How Kimi K3 CRUSHED Polymarket With a 6,871% Return

The video showcases how the creator used the open-weight AI model Kim K3 to analyze and exploit pricing inefficiencies in PolyMarket’s World Cup betting markets, achieving extraordinary returns including a 6,871% gain by identifying undervalued bets through mathematical analysis rather than outcome prediction. The creator also explores applying this strategy to the World Cup final and short-term trading based on lineup news, praising Kim K3’s performance, affordability, and potential for sports betting and trading.

The video documents the creator’s experience using Kim K3, an open-weight AI model, to analyze betting markets on PolyMarket for World Cup games. Initially, the creator tested Kim K3 on the France vs. England match, using it to identify price inconsistencies and expected value bets before the game started. The AI successfully found mispriced bets, resulting in extraordinary returns, including one trade yielding a 6,871% gain. The strategy focused on mathematical analysis rather than predicting outcomes, exploiting market inefficiencies by buying undervalued positions.

The creator explains the methodology behind Kim K3’s approach, emphasizing that it does not predict match results but instead reverse-engineers market prices to find discrepancies. By comparing the AI’s calculated fair values with actual market prices, Kim K3 identified opportunities where shares were undervalued, such as a price gap of 4 cents per share in one trade. Although some bets, like those on France, resulted in losses, the overall approach proved profitable and cost-effective, with only $8 spent initially to generate significant returns.

Building on this success, the creator then applied the same strategy to the upcoming World Cup final between Spain and Argentina. Using Kim K3 connected programmatically to PolyMarket’s API, the AI scanned all available markets for similar expected value opportunities. It recommended a portfolio of bets, including speculative positions like Argentina under -5 and Spain winning 3-0. The creator executed these trades programmatically and monitored price fluctuations, noting that market prices changed throughout the day, especially around lineup announcements.

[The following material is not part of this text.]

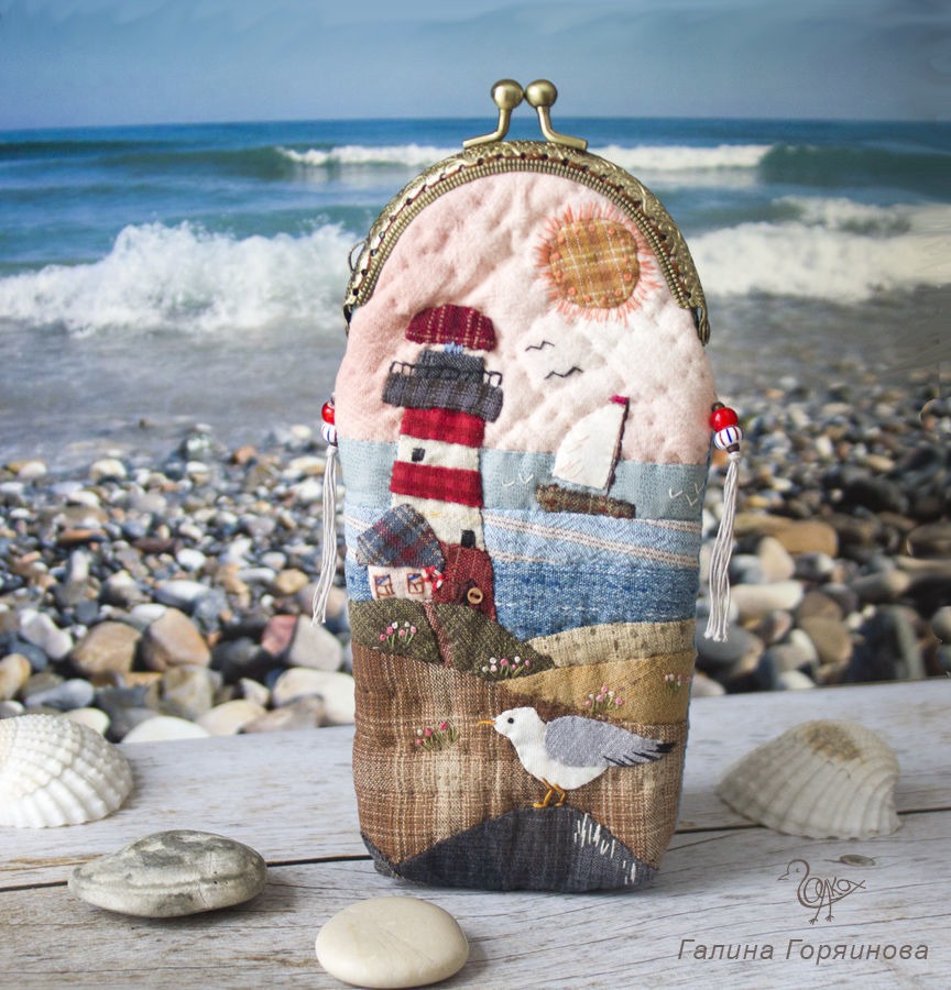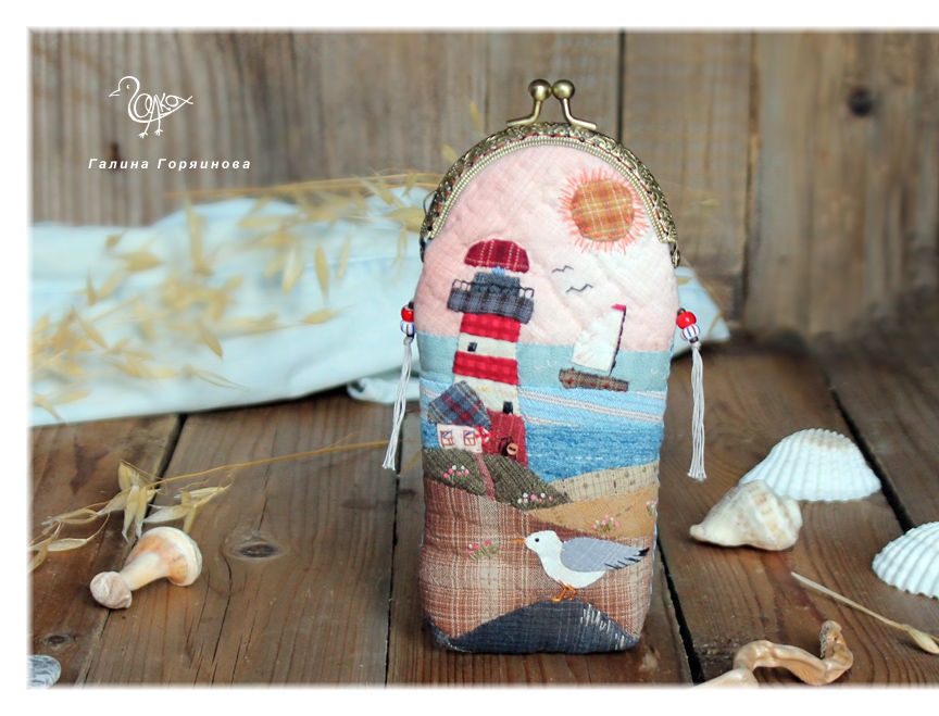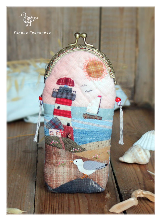 голубой, море, кораблик, маяк, пэчворк, очешник, морской стиль, домики, очечник, чайка, купить футляр для очков, очечник купить, очечник с фермуаром, очечник из ткани, лоскутный, для очков, купить чехол для очков, чехол для очков купить, подарок очечник

The video also explores the potential for short-term trading based on lineup news volatility. Kim K3 was tasked with monitoring lineup announcements and market reactions to identify quick expected value trades triggered by sudden information, such as a key player being out. Although the current setup lacked the latency to capitalize fully on these rapid changes, the creator found the concept interesting and planned to follow up on this approach in future videos. The system includes bots for in-play monitoring and lineup watching, pulling data from sources like ESPN to track rumors and price movements.

In conclusion, the creator expresses strong enthusiasm for Kim K3, praising its open-weight architecture, competitive performance compared to closed-source models, and affordability. The AI’s ability to find market inefficiencies and generate high returns impressed the creator, who sees it as a promising tool for sports betting and trading. The video ends with an invitation for viewers to try Kim K3 themselves and a promise to provide updates on the World Cup final results and further experiments with the model.